Benchmark scores are well correlated, even across domains

Model rankings are remarkably consistent across most AI benchmarks. Across 15 benchmarks with at least 5 models overlapping, the median pairwise correlation among benchmarks from different categories is 0.68, vs. 0.79 among those from the same category.

These correlations suggest a common capability factor that improves with scale—the intuition behind our Epoch Capabilities Index (ECI). However, this same fact means that correlation estimates are strongly subject to sampling noise: a model released several years after another will win on almost any task, so benchmarks spanning wide time ranges tend to have higher correlations with each other.

Published

January 23, 2026

Learn more

Overview

We visualize correlations between benchmarks in our Benchmarking Hub using a pairwise correlation matrix. All correlations correspond to Spearman (rank) correlations.

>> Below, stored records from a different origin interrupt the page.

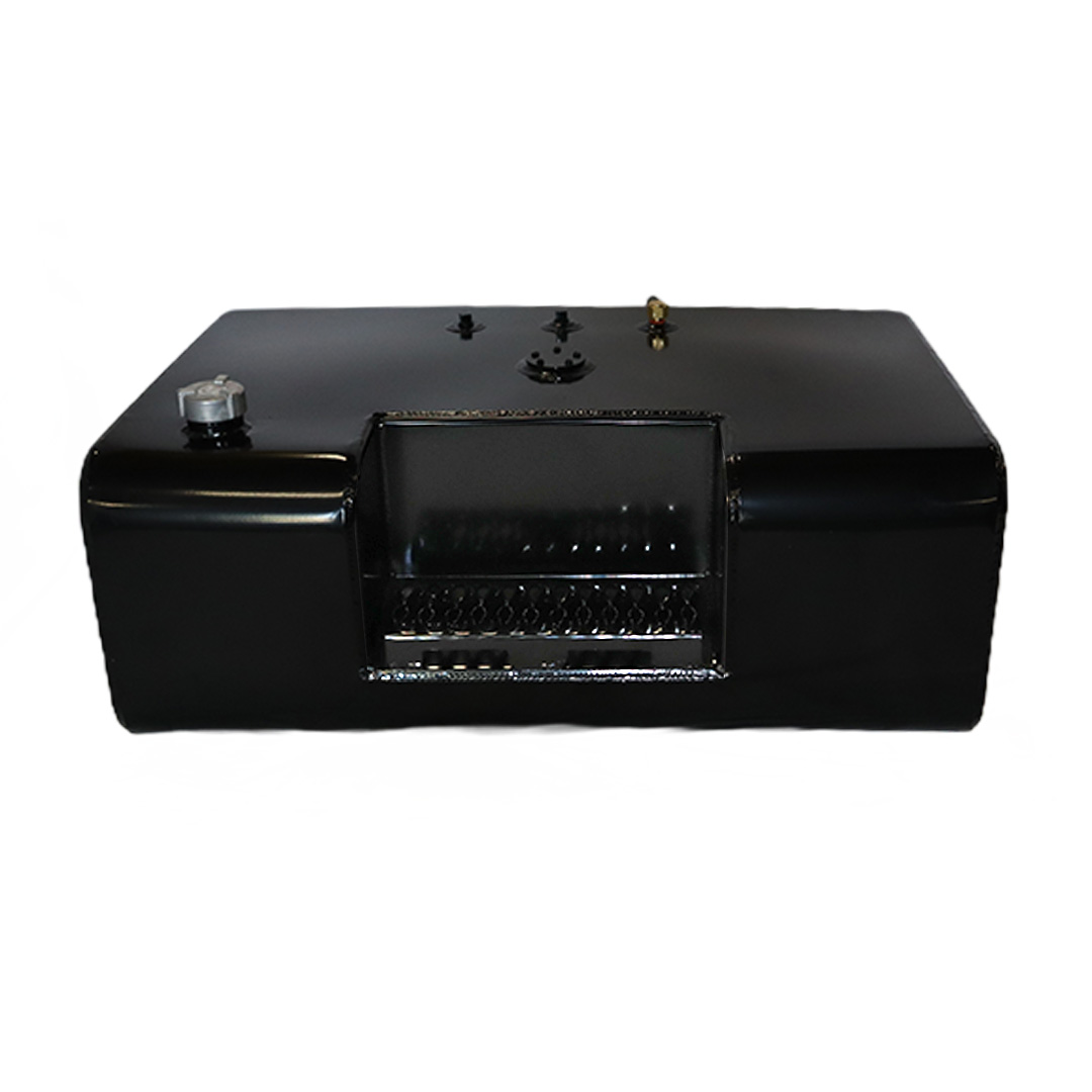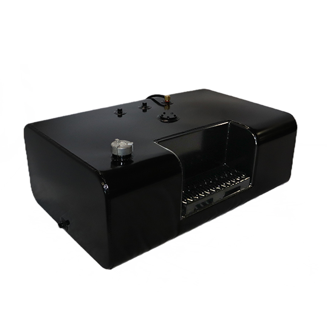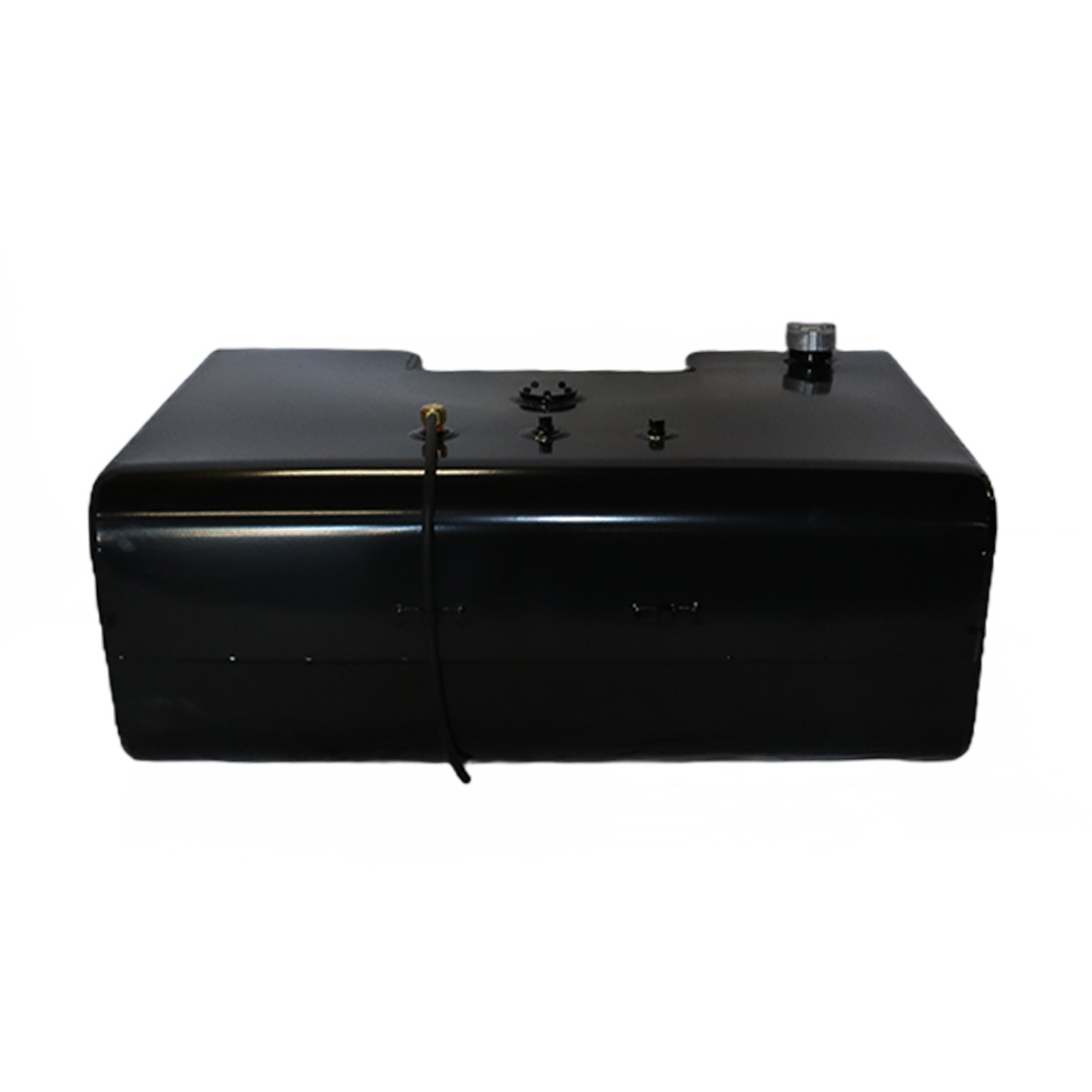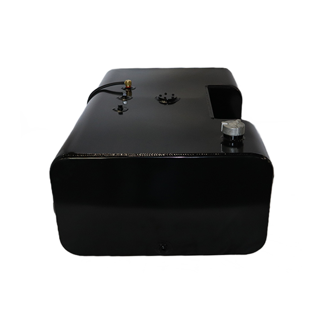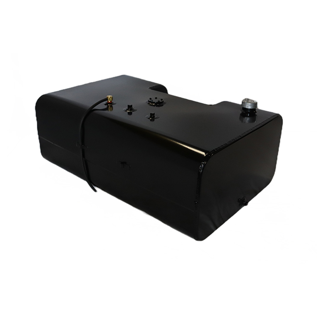 These aftermarket replacement steel diesel fuel tanks with built-in steps from Cleveland Tank are cost-effective alternatives to costly OE replacement tanks. Featuring a heavy-duty recessed steel step, these aftermarket fuel tanks are manufactured by hand from heavy-duty mild grade steel and for superior strength and durability. They come with a gloss black powder coat finish for years of long-lasting anti-corrosion protection, are pressure tested to ensure leak-free performance and have a rust preventive coating applied internally. The steel step tanks also come in various size capacities, are DOT-approved and are for use with diesel fuel. All steel fuel tanks with built-in steps come with a magnetic drain plug, rollover protection vent, vent tubing, fuel cap, drawtube, return, equalizer fittings and sending unit flange. Optional features include a sending unit, sight gauge, locking fuel cap and drain check valve. Find the rectangular steel step fuel tank that matches your applications specs for an original equipment-like fit and installation. This specific steel rectangular-shaped tank with built-in step has a capacity of 50 gallons, weighs 125 lbs. and measures 38.50 in. long by 25.50 in. wide by 14.00 in. high.
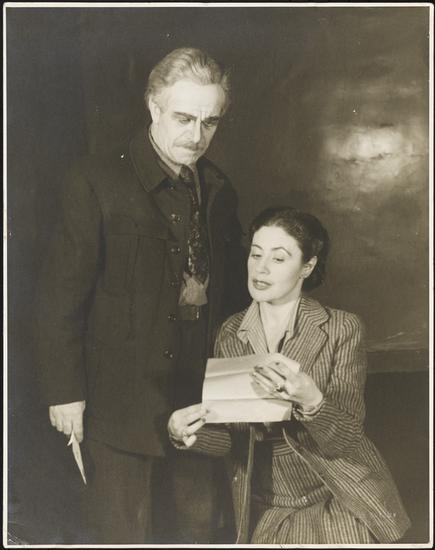 [Berta Gersten and Jacob Ben-Ami in Dovid Bergelson's "We Will Live".]
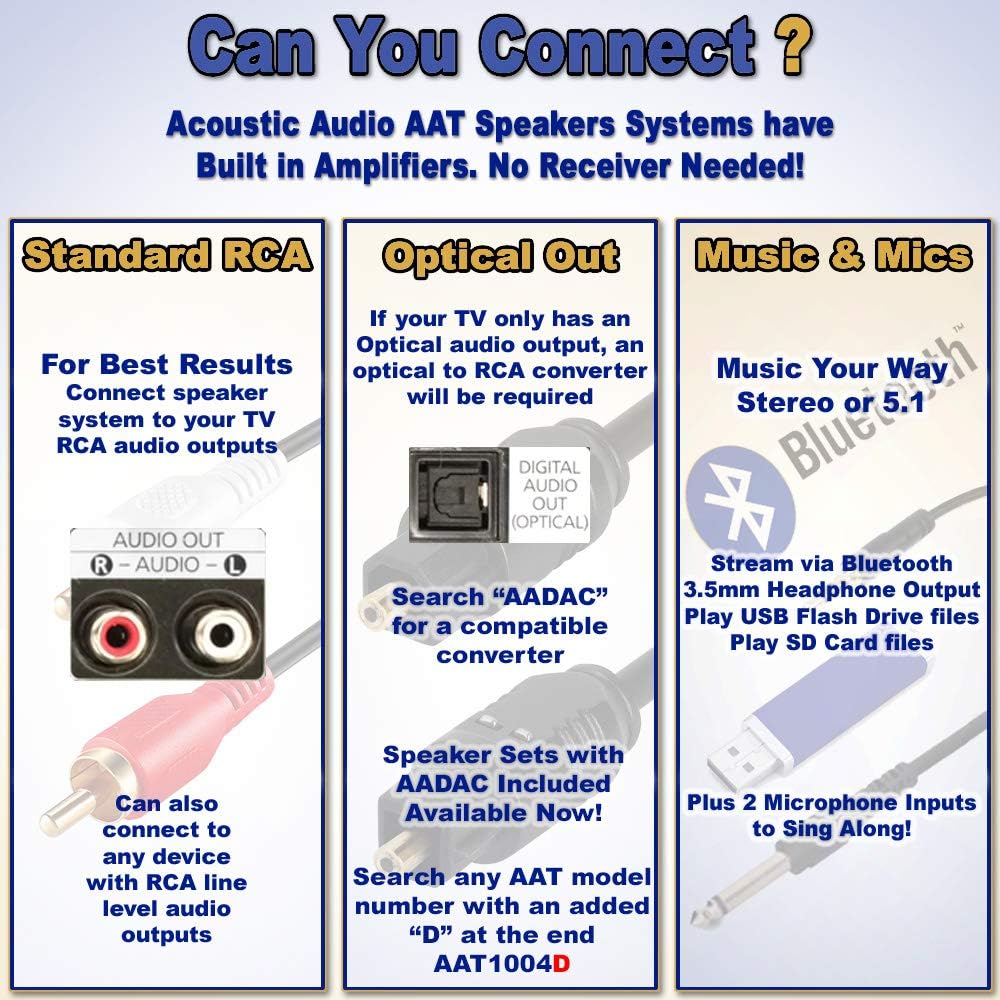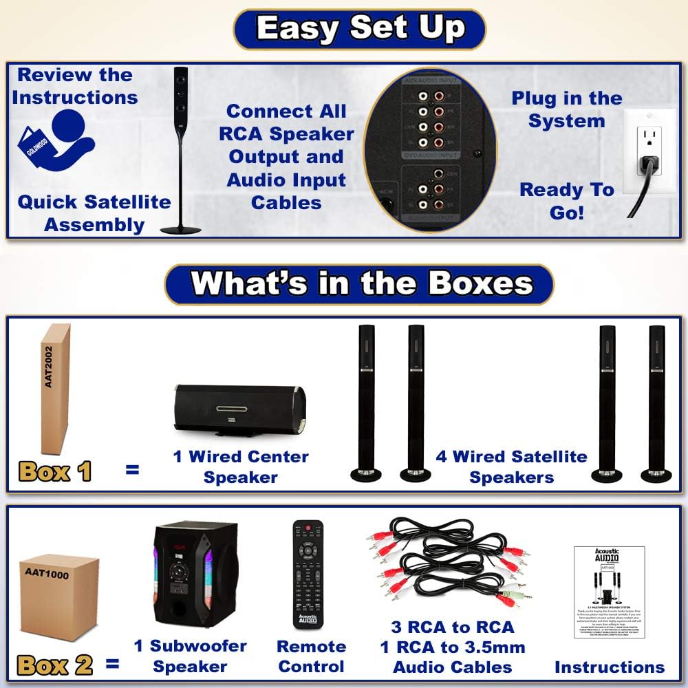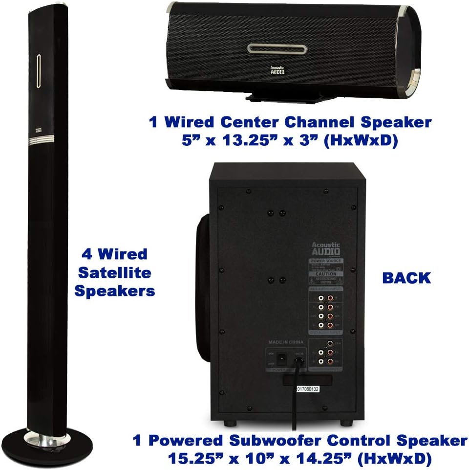 Acoustic Audio AAT1002 Bluetooth Tower 5.1 Home Theater Speaker System with 8″ Powered Subwoofer
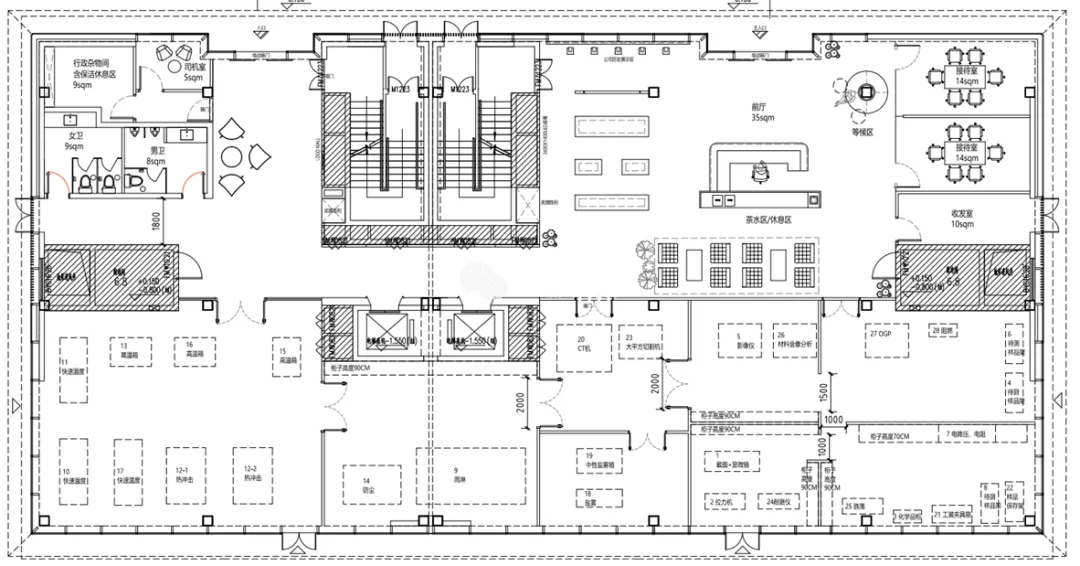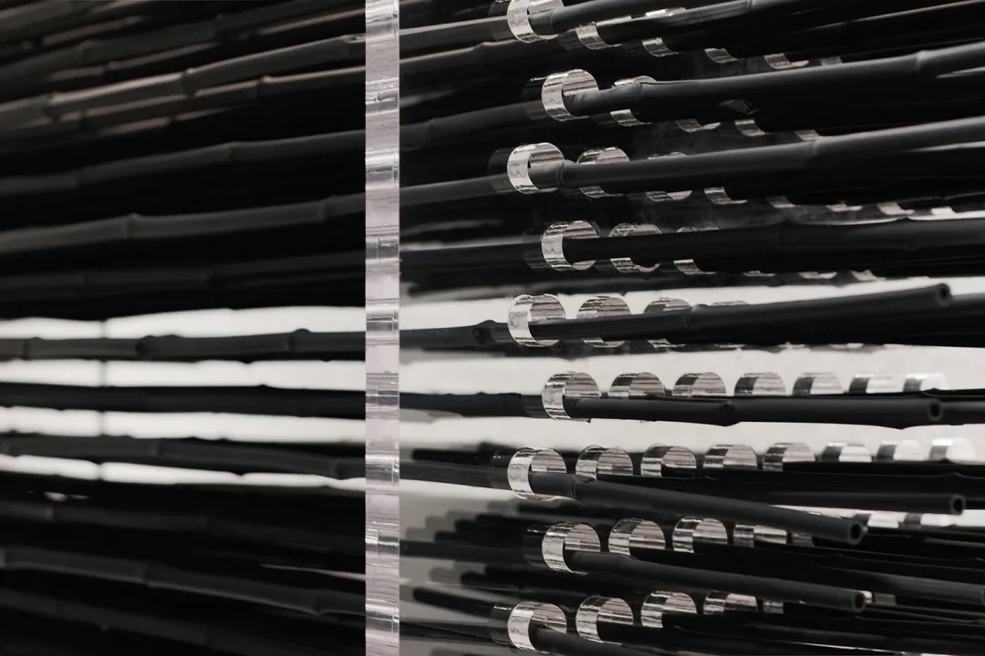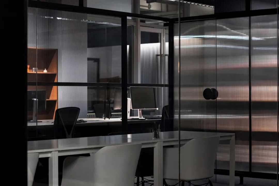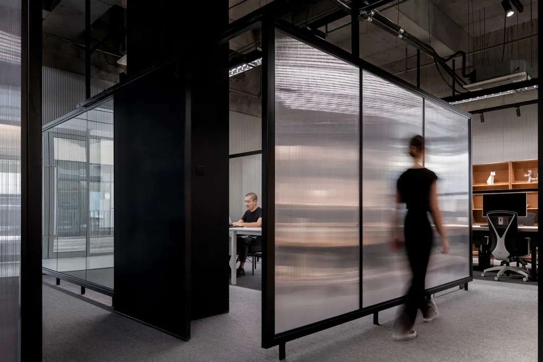 银灰色的镀锌波纹板包裹整个办公区墙体,其纵向的肌理与透明盒子隔断的双层阳光板、以及辅助区的大面积白色布帘,在肌理上互相呼应,但三者纹路疏密不一、质感冷暖相依,使整个空间在视觉上简洁统一又富于变化。镀锌波纹板和双层阳光板的纵向肌理互相呼应。
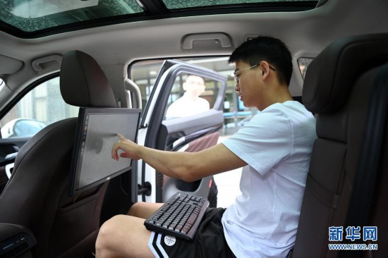 天津大學智能與計算學部的學生在調試自動駕駛車輛的數據(6月16日攝)。
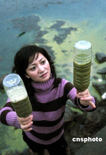 | 在湖州太湖流域采集的蓝藻水样。往年夏季是太湖蓝藻爆发季节,10月至次年2月蓝藻处于休眠期,但是今年,至现在太湖的蓝藻还在持续爆发,大量蓝藻已逼近湖州市位于城西、城北的两大自来水取水口,直接威胁城区数十万市民饮水。该市自来水公司已经启动紧急预案,目前尚未给饮水安全造成明显影响。据了解,这次蓝藻肆虐的直接原因是污染造成的水体富营养化,当蓝藻大量繁殖时,水中的溶解氧浓度会迅速降低,造成鱼虾、螺蛳等水生物的死亡,使水体遭受污染。从实验结果来看,蓝藻对肝、脾都有一定的影响。中新社发 宋健浩 摄
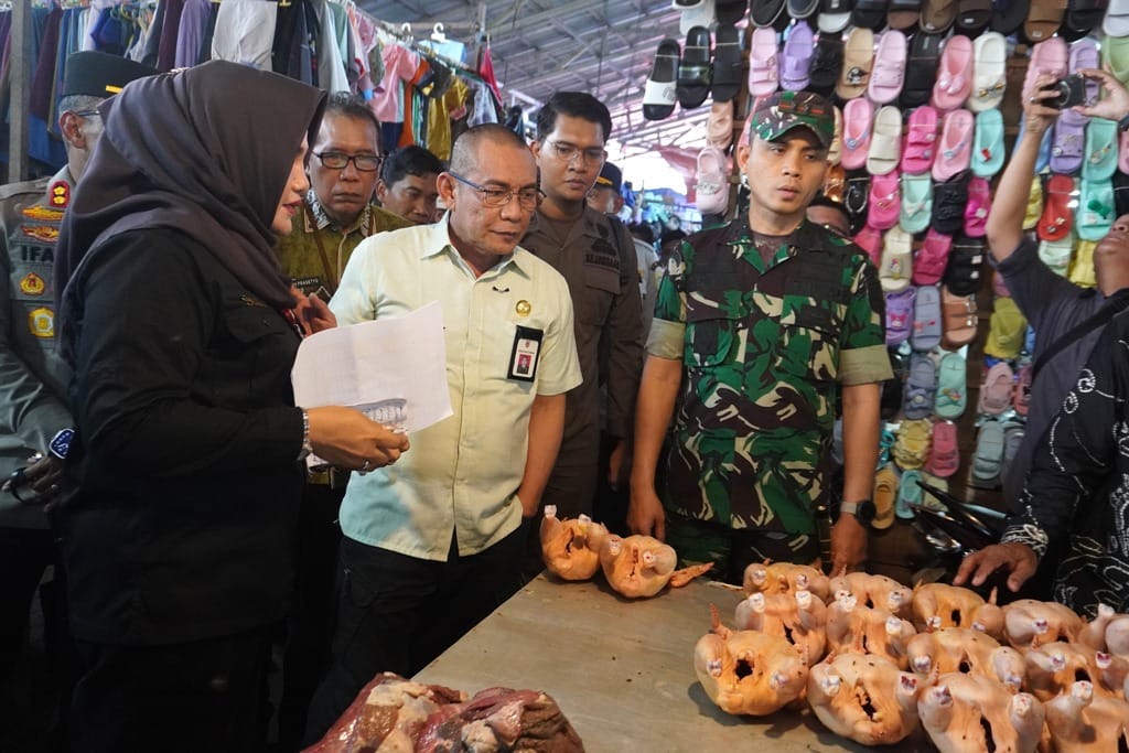 Hadir mendampingi sidak Kepala DKPP Banjar Sipliansyah, Direktur Perumda Pasar Bauntung Batuah Rusdiansyah serta sejumlah stake holder terkait. (kanalkalimantan.com/dkispbanjar/kk)

Across 17 benchmarks with a minimum of 5 models evaluated on each of the other benchmarks, the median rank correlation is 0.73. Correlations are nearly as high across benchmark categories as they are within categories; we find a median correlation of 0.68 among benchmarks from different categories, and 0.79 among those from the same category. This high degree of agreement between benchmarks motivates our Epoch Capabilities Index, which is designed to capture a single capability factor. Unsurprisingly, ECI correlates well with underlying benchmarks.

Data

Benchmark data is obtained from our Benchmarking Hub. In general, benchmarking evaluations are sparse; the models evaluated on one benchmark will not be evaluated on every other benchmark (especially for benchmarks released far apart in time). To create a more easily interpretable visualization with reasonable confidence intervals, we filter our benchmarks to a subset where no pair of benchmarks has fewer than 5 common models evaluated on each.

Analysis

We calculate simple Spearman rank correlations over model scores for each pair of benchmarks. We use rank correlation rather than Pearson correlations, since the non-linear nature of benchmark progress and saturation suggests that relationships between benchmarks will be non-linear.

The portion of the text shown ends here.